* **Information provided**:

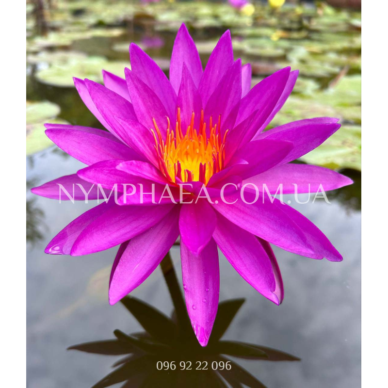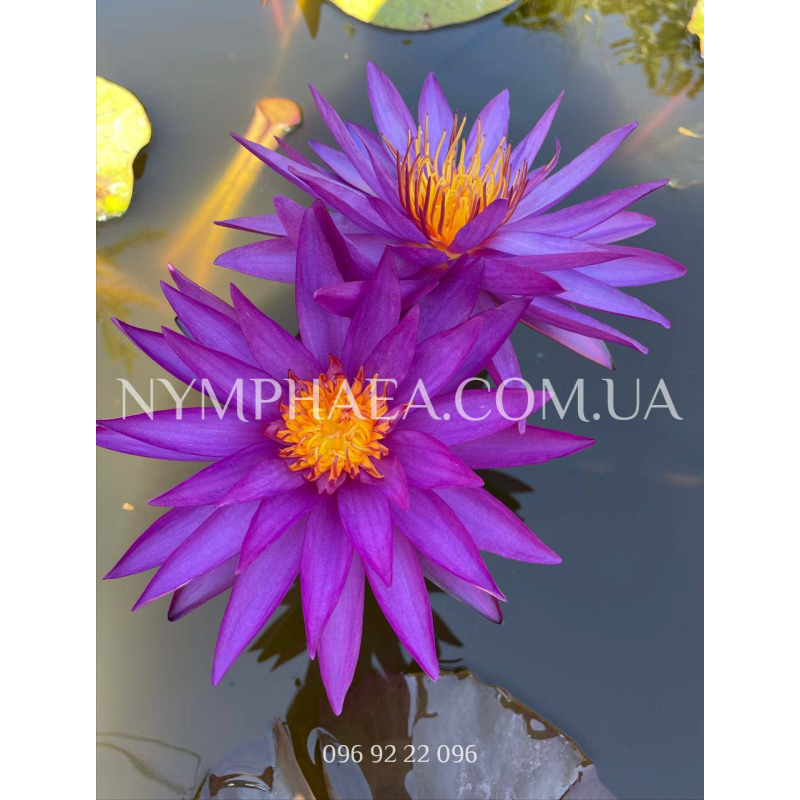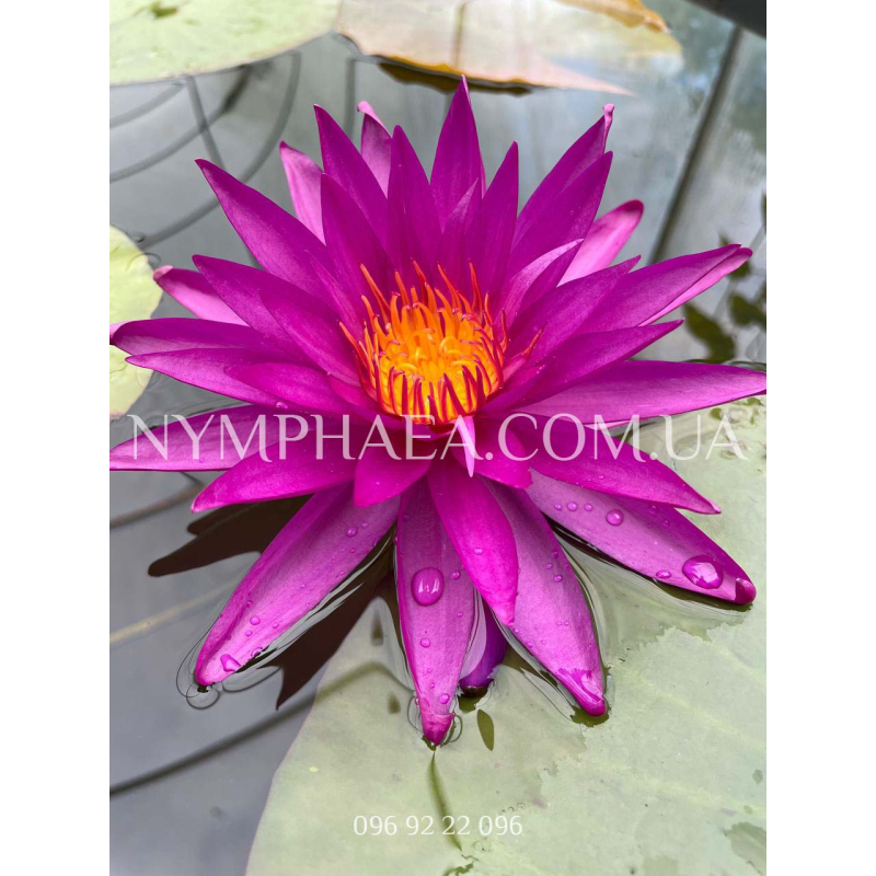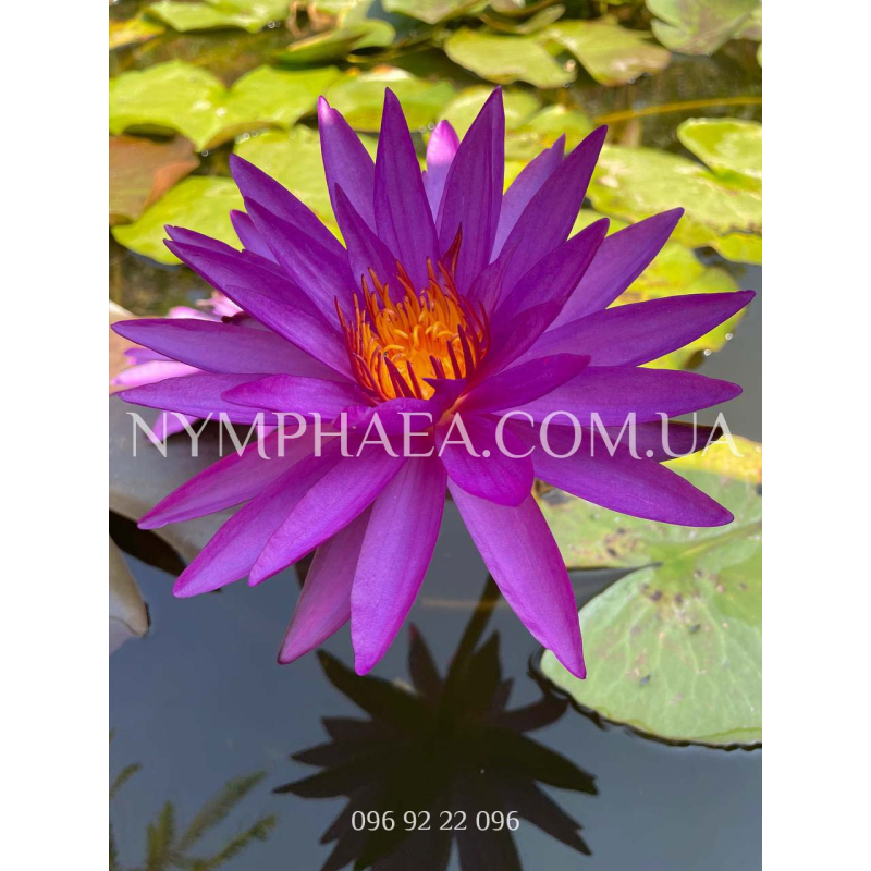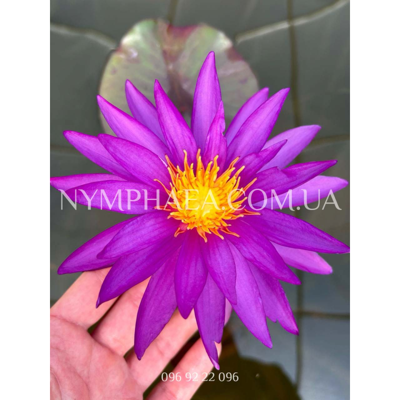 Цветок идеальной звёздчатой формы, диаметром приблизительно 15-25 сантиметров, лепестки узкие и вытянутые, цвет – интенсивно-фиолетовый. Цветёт очень и очень обильно, высоко поднимаясь над поверхностью воды. Абсолютно уникальный сорт! Невероятно красивая! Со временем становиться все более востребованной.
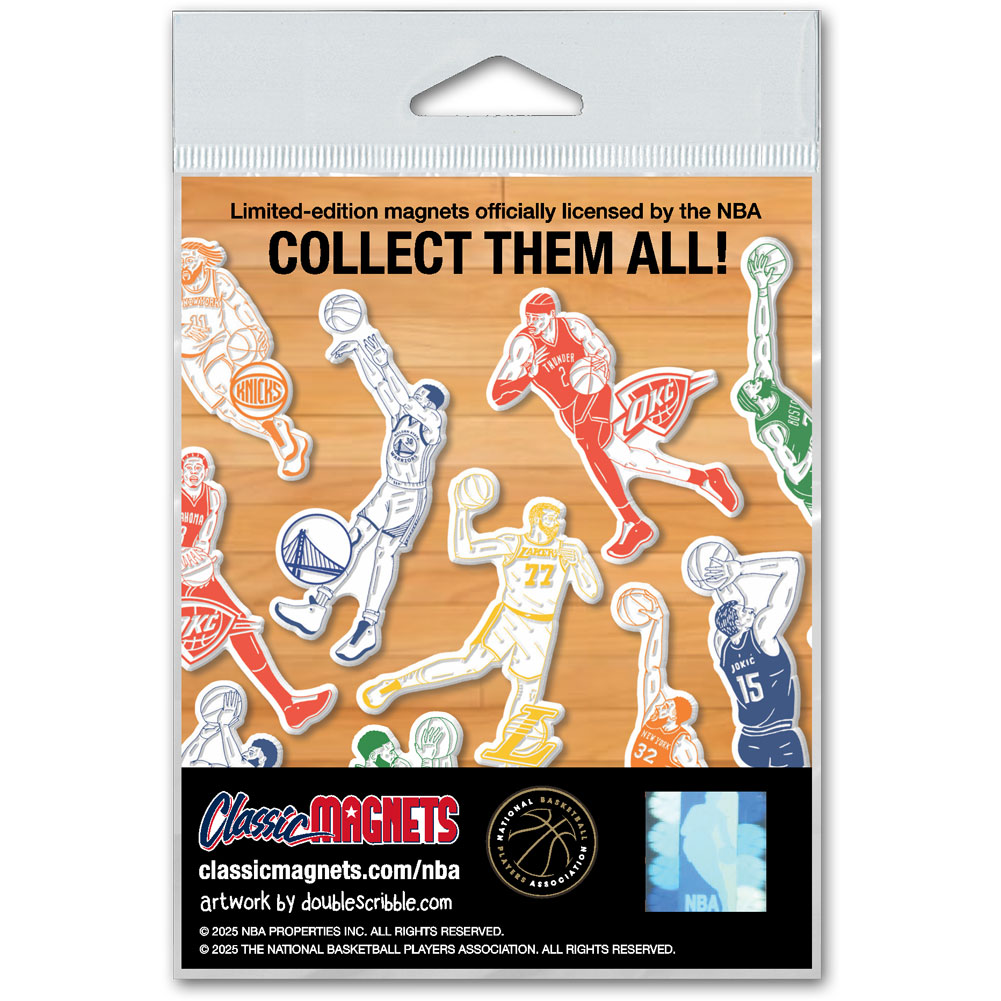 Celebrate New York basketball with the Jalen Brunson Player Magnet from Classic Magnets. This original Double Scribble illustration captures Brunson’s dynamic play and clutch performances. Since arriving in 2022, he has become an All-Star and the driving force behind the Knicks’ return to playoff success.
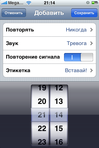 А так-же – самая приятная для меня вещь. Теперь при добавлении нового будильника утром меня будить будет не убаюкивающая Маримба, а та мелодия, которая установлена в предыдующем будильнике! А то меня, иначе как Тревогой, не поднять! Да, к стати, названия мелодий и сигналов переведены на русский.
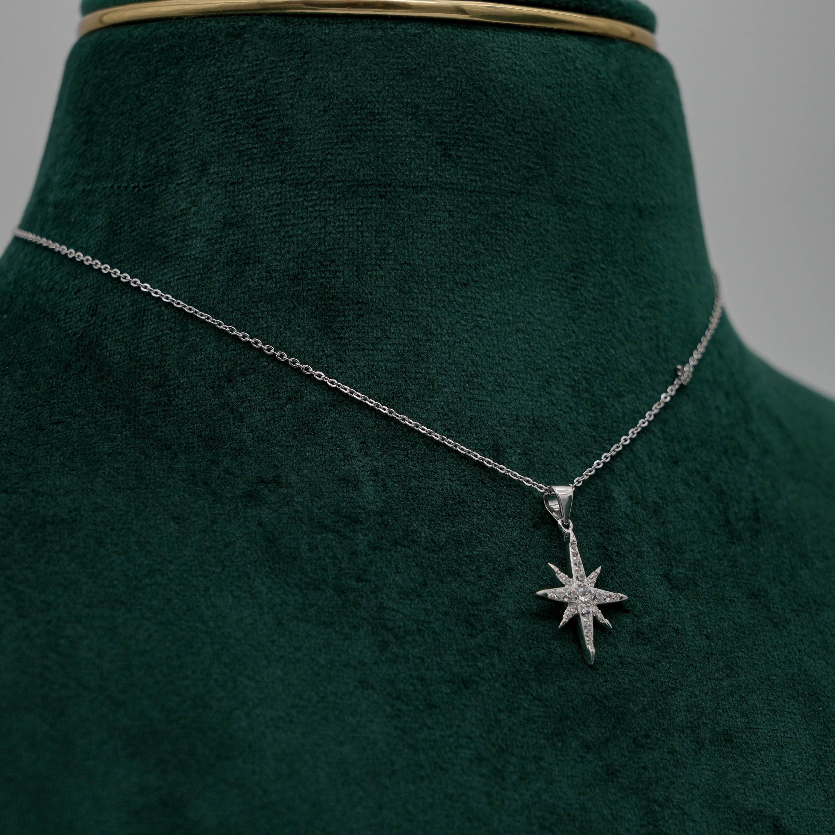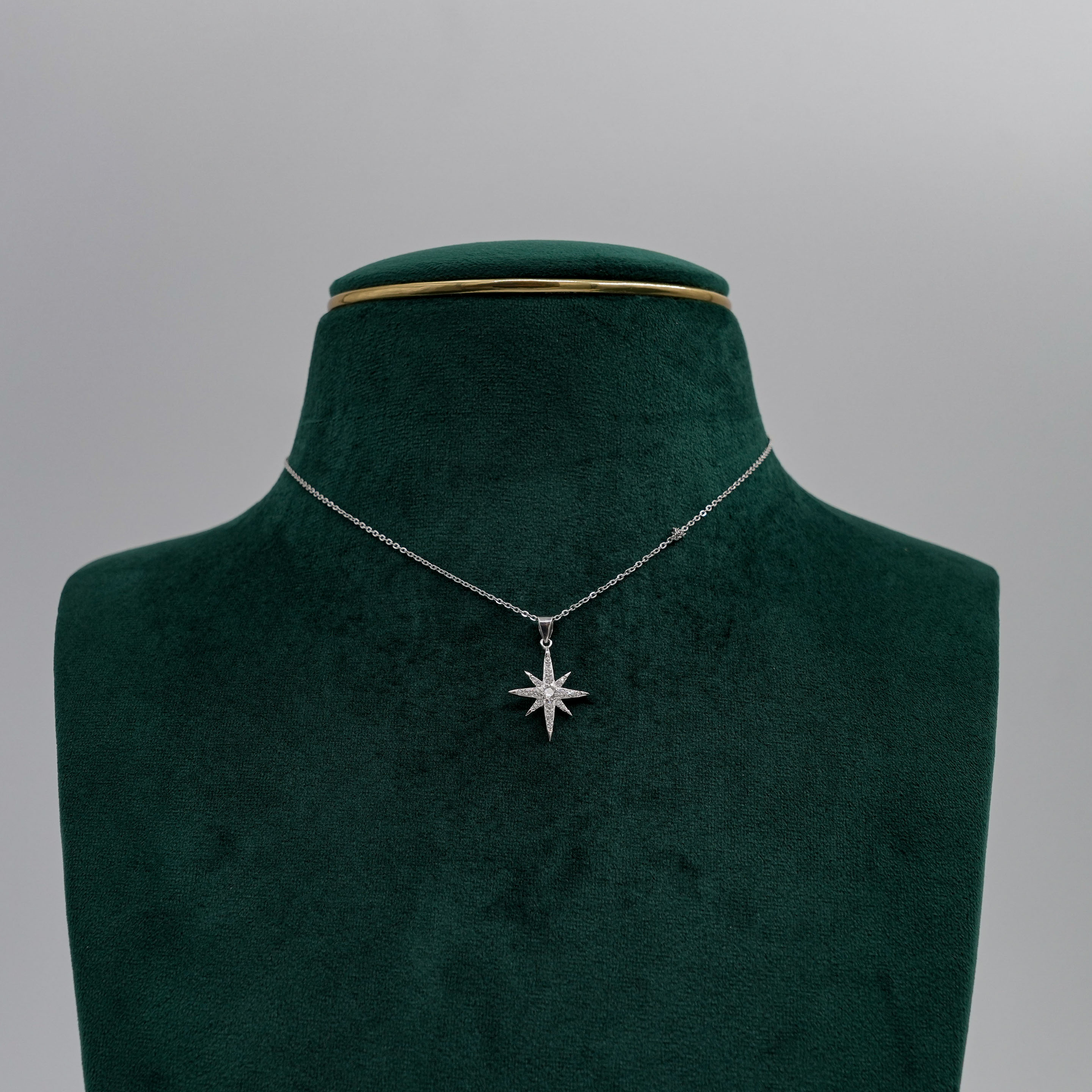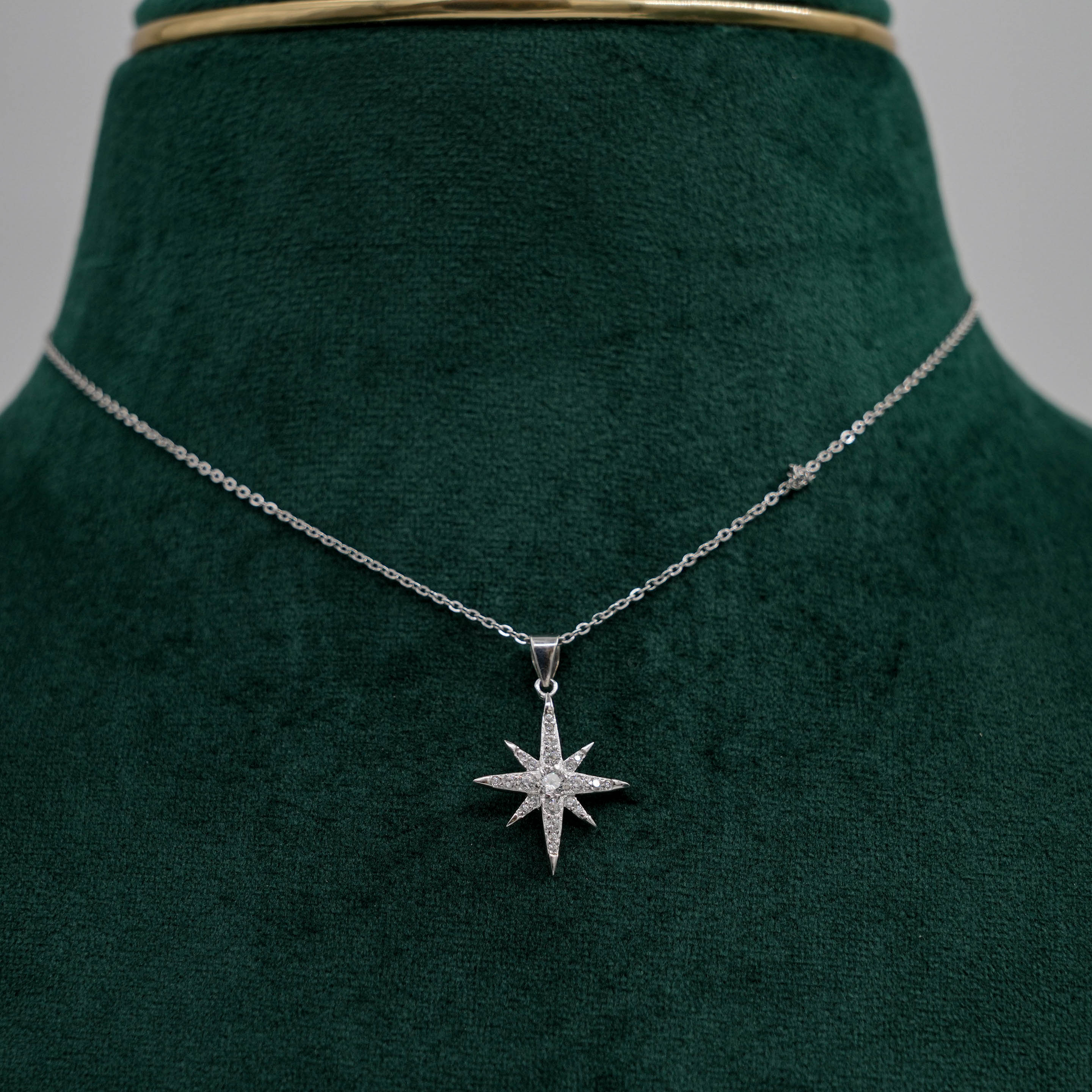 Sterling silver star pendant Necklace with cubic zirconia stones, ideal for everyday wear. Buy silver star Necklace from Raag Silver Jewellery in Hyderabad.

* **Directions for this task**: The material above must be printed exactly, with its pictures left out.

* **Response**:
 Цветок идеальной звёздчатой формы, диаметром приблизительно 15-25 сантиметров, лепестки узкие и вытянутые, цвет – интенсивно-фиолетовый. Цветёт очень и очень обильно, высоко поднимаясь над поверхностью воды. Абсолютно уникальный сорт! Невероятно красивая! Со временем становиться все более востребованной.
 Celebrate New York basketball with the Jalen Brunson Player Magnet from Classic Magnets. This original Double Scribble illustration captures Brunson’s dynamic play and clutch performances. Since arriving in 2022, he has become an All-Star and the driving force behind the Knicks’ return to playoff success.
 А так-же – самая приятная для меня вещь. Теперь при добавлении нового будильника утром меня будить будет не убаюкивающая Маримба, а та мелодия, которая установлена в предыдующем будильнике! А то меня, иначе как Тревогой, не поднять! Да, к стати, названия мелодий и сигналов переведены на русский.
 Sterling silver star pendant Necklace with cubic zirconia stones, ideal for everyday wear. Buy silver star Necklace from Raag Silver Jewellery in Hyderabad.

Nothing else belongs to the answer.